Urine analysis is the cheapest and routine investigation which could be of great help to the clinician to reach at a diagnosis of a complex renal disorder. Albuminuria (excretion of albumin in urine) detected on heat test of the urine and the casts detected on microscopic examination of first morning specimen of urine reveal a lot about the associated renal lesions (pathological changes in kidney). Albuminuria we know definitely to be glomerular origin, although the tubules may also play their part in its production. It seems probable that this is mainly due to the glomerular basement membrane (GBM) which separates the epithelium of the tuft from the endothelium lining the capillaries, with increase of its permeability.

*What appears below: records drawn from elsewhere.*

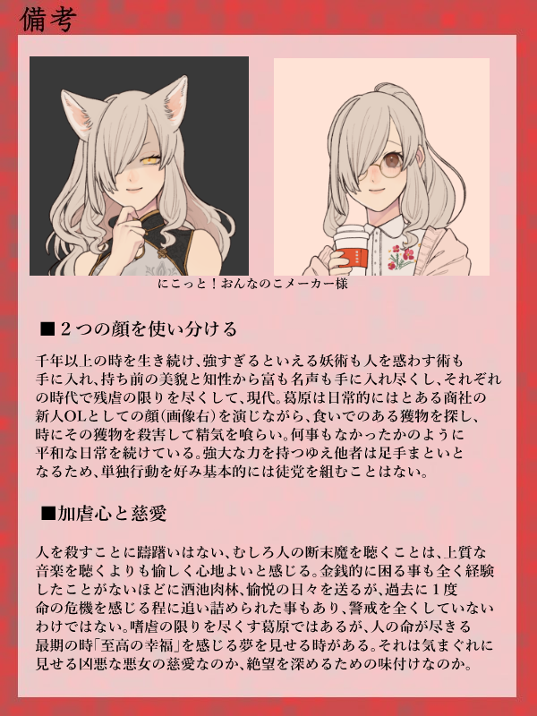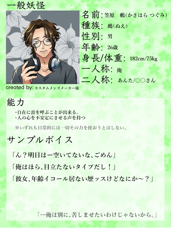 一般妖怪 「鵺(ぬえ)」 笠原 鶫(かさはら つぐみ)
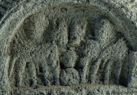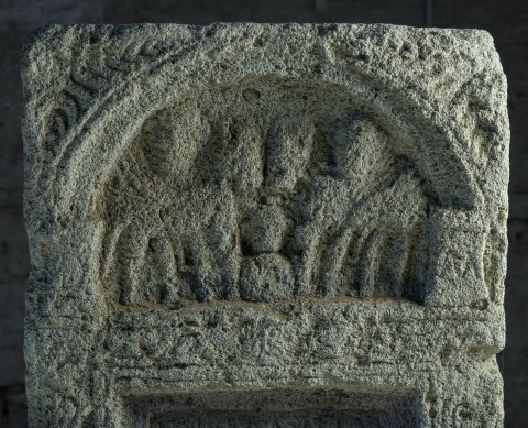 Über dem Schriftfeld flache Bogennische mit profiliertem Rahmen auf Podesten, auf diesen DM; in der Nische zwei antithetisch stehende Pferd, dahinter je ein stehender Mann (Dioskuren ? Donaureiter ?); unterhalb der Pferdeköpfe menschliche Büste.
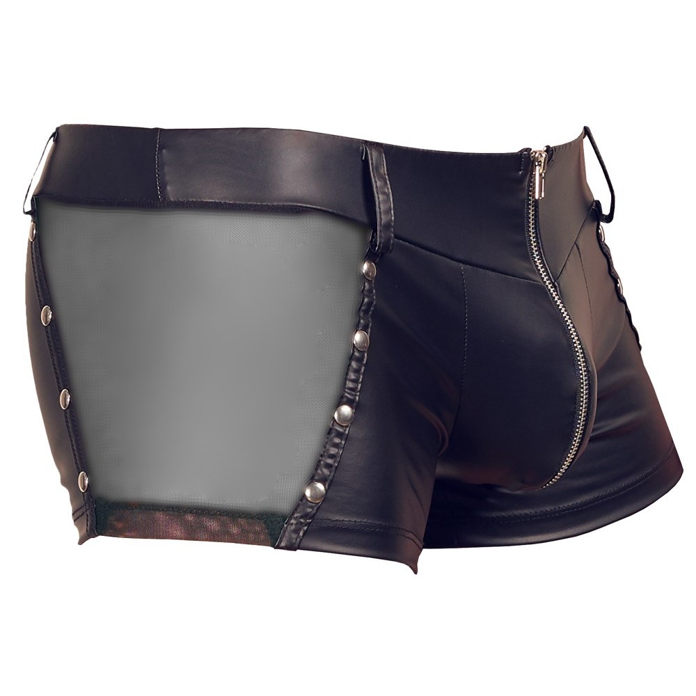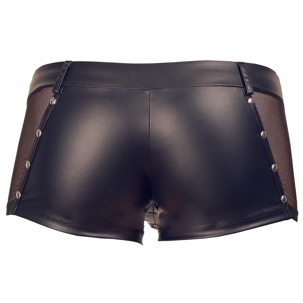 Calções da Svenjoyment que valorizam a silhueta, confeccionados em material moderno de aspeto mate, com inserções em rede transparente e tachas decorativas nos lados. Incluem presilhas para cinto e fecho acolchoado na parte frontal para um toque ousado e funcional.
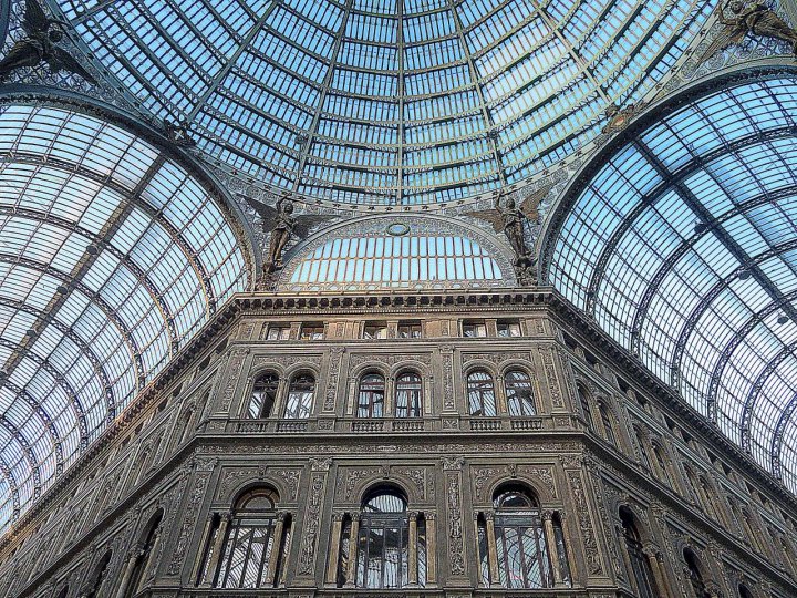 Sous le ciel bleu napolitain, flânerie dans la "Galleria Umberto 1er". Le nez en l'air pour ne pas manquer toutes ces lignes, ces courbes, ces envolées vers l'azur. Le risque était de buter dans les passants, ça n'a pas manqué mais j'ai quand même évité le torticolis.
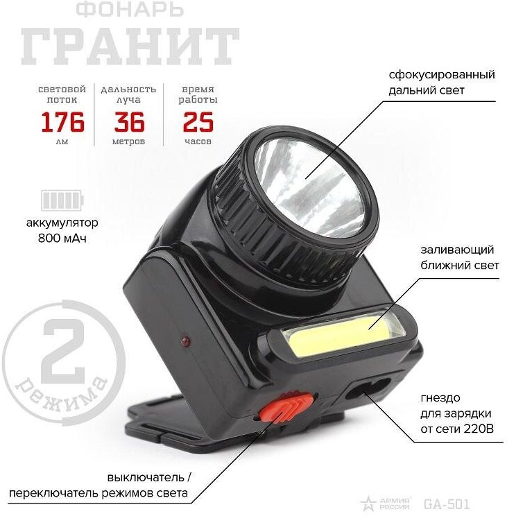 GA-501 Фонари АР армия россии налобный Гранит [3Вт COB + 3Вт LED, ближ и дальн свет, аккум, карт] (3
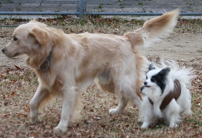この時ばかりは、小さいパピがゴールデン君より大きく見えました!
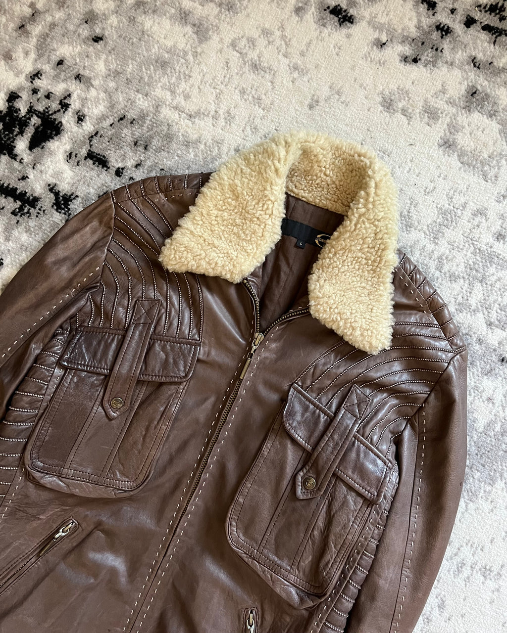 Step into the world of Italian fashion with this exquisite Just Cavalli Brown Leather Jacket. With its unique Monmouth collar, stunning design, and iconic Italian DNA, this jacket is a true work of art. The brown color of this jacket exudes timeless elegance and versatility. It's a hue that complements a wide range of outfits, making it a valuable addition to your wardrobe. The two large frontal pockets not only contribute to the jacket's design but also provide practicality. They offer ample storage space while maintaining a sleek aesthetic. Just Cavalli is celebrated for its creative and artistic designs, and this jacket reflects the brand's commitment to fashion as a form of personal expression and art. Still in great condition. Marked as size L but could also fit a Medium. Please refer to measurements: Length - 69cm, Shoulder to shoulder - 47cm, Sleeves length - 67cm

Casts are the microscopic accumulations of cells or coagulated proteins or lipids. Casts if present could be detected on microscopic examination of deposit obtained after centrifugation of urine. The casts must also be traced to the glomerulus, at least the essential hyaline matrix of the cast composed of coagulated albumin. Again the tubules add their contribution in the shape of epithelial cells and fatty and granular detritus which give to the casts their characteristic appearance. Careful examination casts is as informative as blood biochemistry investigations in cases of kidney disease. The cast gives a picture of the degenerative changes in the tubules. A hyaline cast indicates slight glomerular leakage without active tubular degeneration. Cellular casts denote marked activity of the morbid process. Granular casts denote moderate activity. The admixture of red blood cells (RBCs) is a sign of glomerular hemorrhage. We find that the study of casts is of remarkable importance in assessing the prognosis of a renal disorder. As long as there is considerable activity there is a scope for improvement. For such a study to be of value, the urine should be fresh. If the urine is alkaline or has been allowed to stand for long time, the casts may largely disappear. The absence of casts in an alkaline urine has not the same significance as when the urine is acidic. The acidity of the urine assists in the formation of casts. Deposition of casts in the tubules may lead to oliguria (low output of urine) leading to edema.

Reversible Renal Failure

When we come across the term reversible renal failure, it indicates that there was a scope for the repair of renal lesions or complete recovery of renal function. Reversible renal failure is of great importance for the clinician/nephrologist attending to the patient, because he/she could be able to do something for the well being of the patient. Clinical end picture may be same in many renal disorders though the origins are so different. Acute stage is characterized by pain in back, fever and edema, a rise in blood pressure and such urinary changes as oliguria (low output of urine), high specific gravity of urine with high coloration. Presence of albumin, red blood cells (RBCs) and casts have also been observed in urine with low urea content. It has been observed that reversible renal failure is generally extra-glomerular in origin, but it may be nephritic type. Most of the cases with acute glomerulonephritis also make a complete recovery with therapy and dialysis.  Tubular damage may also be repaired, as has been in the cases of mercuric chloride poisoning. Accumulation of nitrogenous waste products in blood is observed in these patients without any renal lesion on blood biochemistry and kidney biopsy evaluation. The condition may also be termed as extra-renal uremia or azotemia without corresponding renal lesion.